Gustave Brugidou le dit à sa manière : “Pour le soixante-dixième anniversaire du départ de l’Exodus, il fallait renforcer cette mémoire (…) Nous voulions aussi mettre à l’honneur Sète et les Sétois dans ce livre. (2à euros, en kiosque). La population n’a pas su exactement ce qui se passait à l’époque sauf quelques Sétois dont le commissaire Laurent Leboutet. Ce serait d’ailleurs une belle chose si la ville avait l’idée de donner son nom à l’une de ses rues…”
Le sénateur-maire sera sans doute sollicité pour que Sète, le point de départ de cette odyssée et étape marquante dans la création de l’état hébreu, baptise une venelle du nom de ce policier.

Des hommes et des femmes qui ne parlaient pas, habillés d’hiver en plein été attendent de monter à bord de l’Exodus. Photo : Collection Livni.

“Ce n’est que bien plus tard que l’on a su !”

Après avoir largement aidé ces émigrants-pionniers d’Israël, Laurent Leboutet, ce commissaire-résistant, hors la loi, avait choisi d’aider ces futurs pionniers, aussi constitué un musée de l’Exodus qu’il a légué à l’état d’Israël, avant d’être lui-même maintes fois décoré (légion d’honneur, Juste parmi les Justes de la nation). Les Sétois, ou non Sétois, de toutes confessions auront l’occasion, à travers cet ouvrage magnifiquement illustré de leur offrir toute leur reconnaissance. Comme le fait si joliment si simplement Joseph Nicoulet, habitant de l’île singulière, qui, à 88 ans, a gardé son regard intact de ses 12 ans. Un âge où l’on devine l’histoire le plus souvent sans s’en rendre compte.

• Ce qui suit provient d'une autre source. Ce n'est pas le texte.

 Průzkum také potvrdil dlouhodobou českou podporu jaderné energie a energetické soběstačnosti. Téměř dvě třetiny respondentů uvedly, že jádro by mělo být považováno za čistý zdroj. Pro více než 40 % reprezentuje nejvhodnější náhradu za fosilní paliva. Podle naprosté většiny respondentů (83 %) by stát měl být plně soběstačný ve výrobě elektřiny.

Pendant le Tour de France !

“(…) La télévision n’avait pas encore envahi les foyers domestiques, raconte-t-il dans le livre. Le quartier bruissait de vie. C’était le plein-air : on vivait dehors (…) Et là, pendant plusieurs jours, on a vu venir des gens. Des gens qui ne parlaient pas : ils marchaient droit devant eux (…) Ce n’est que bien plus tard que l’on a su ! Et que leurs tribulations n’étaient pas terminées une fois à bord !” Personne n’avait conscience de ce moment historique surtout pas les coureurs du Tour de France qui s’échinaient dans l’étape du jour, Montpellier-Carcassonne…! Irréel.

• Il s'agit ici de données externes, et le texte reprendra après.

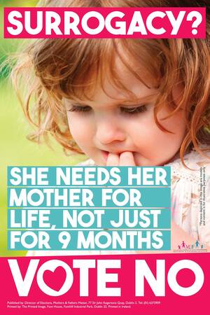 I didn’t know there was a referendum about Surrogacy coming up. Why did no one tell me about that? The Marriage referendum has nothing to do with Surrogacy as far as I can see. So these posters need to be taken down and can be used if and when we have a referendum about surrogacy.

Pendant ce temps, 172 camions, partis simultanément de 412 camps de transit, selon un itinéraire top secret, arrivaient au Môle de Sète. Ce n’était déjà pas une promenade de santé : ces pionniers sauvés des camps de la mort avaient dû affronter en venant les piquets grève des transporteurs routiers et autres joyeusetés, comme la difficulté de trouver du carburant ou de trouver des papiers en règle. Un devoir de mémoire.